Изменить стиль страницы

— Ясь, что ты болтаешь!

— Да ведь вы мне не даете шагу ступить, вы мне запрещаете даже разговаривать с людьми! Ведь вы… — он вымещал на матери свое раздражение. Кончилось тем, что она обвязала ему голову полотенцем, смоченным в уксусе, уложила спать в темной комнате и, прогнав всех детей во двор, стерегла его, как наседка цыплят, пока он хорошенько не выспался.

— А теперь ступай гулять. Иди под тополя, там тень и прохладно.

Ясь ничего не ответил, но, зная, что мать зорко следит за ним, назло ей пошел в другую сторону. Он шатался по деревне: постоял в кузнице, наблюдая, как кузнец работает молотом, зашел на мельницу, бродил по огородам, заглядывал туда, где убирали лен, да и повсюду, где только краснели юбки баб, посидел на меже с паном Яцеком, который пас коров Веронки, напился молока у Шимека и Настуси на Подлесье и вернулся в деревню только в сумерки, так нигде и не встретив Ягуси.

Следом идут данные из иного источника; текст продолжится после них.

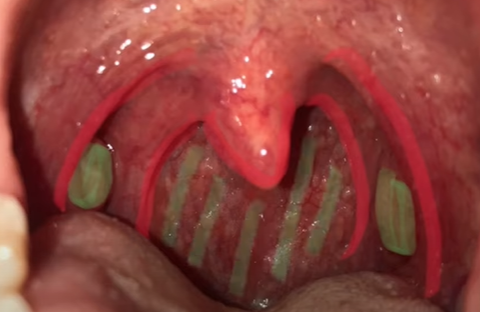 목에서 채취 부위는 유튜브에 나온 것처럼 편도와 목젖 뒤 부분인데요. 아래 노랗게 표시된 부분입니다. 양 옆에 있는 것이 편도입니다. 어떻게 채취하는지는 위 영상에 나옵니다.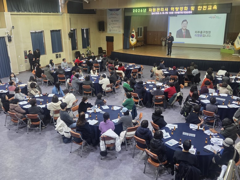 이번 교육은 오는 3월 ‘2026년 미추 자원순환 가게’ 본격 운영을 앞두고 선발된 자원관리사 69명이 참석한 가운데 진행됐다. 교육 과정은 ▲식전 힐링 체조를 시작으로 ▲자원관리사 직무 전문 교육 ▲현장 작업 안전교육 등 다채로운 프로그램으로 구성됐다.

Он увидел ее на другой день, на похоронах Агаты. Все время, пока служили панихиду, она так смотрела на него, что буквы прыгали у него перед глазами и он путал слова молитвы. А когда провожали гроб на кладбище, Ягуся, несмотря на грозные взгляды органистихи, шла почти рядом с Ясем, и, слыша ее печальные вздохи, он таял, как снег на вешнем солнце.

Когда гроб опускали в могилу и бабы заголосили, Ясь услышал и ее горький плач, но понял, что не по Агате она так плачет, а от тяжкой муки наболевшего, обиженного сердца.

— Надо с ней поговорить, — решил он, возвращаясь с кладбища. Но он нескоро освободился: с полудня начали съезжаться в Липцы люди из дальних деревень и даже из других приходов, все те, кто хотел идти в Ченстохов. Богомольцы должны были двинуться в путь на другое утро, сразу после торжественного молебна, и вот они понемногу собирались, запрудили своими телегами берега озера. Многие приходили в плебанию, и Ясю пришлось сидеть там и улаживать вместо ксендза всякие дела. Уже под вечер, улучив минуту, он взял книжку и незаметно вышел в поле, за овины, под ту грушу, где не раз сиживали они с Ягусей.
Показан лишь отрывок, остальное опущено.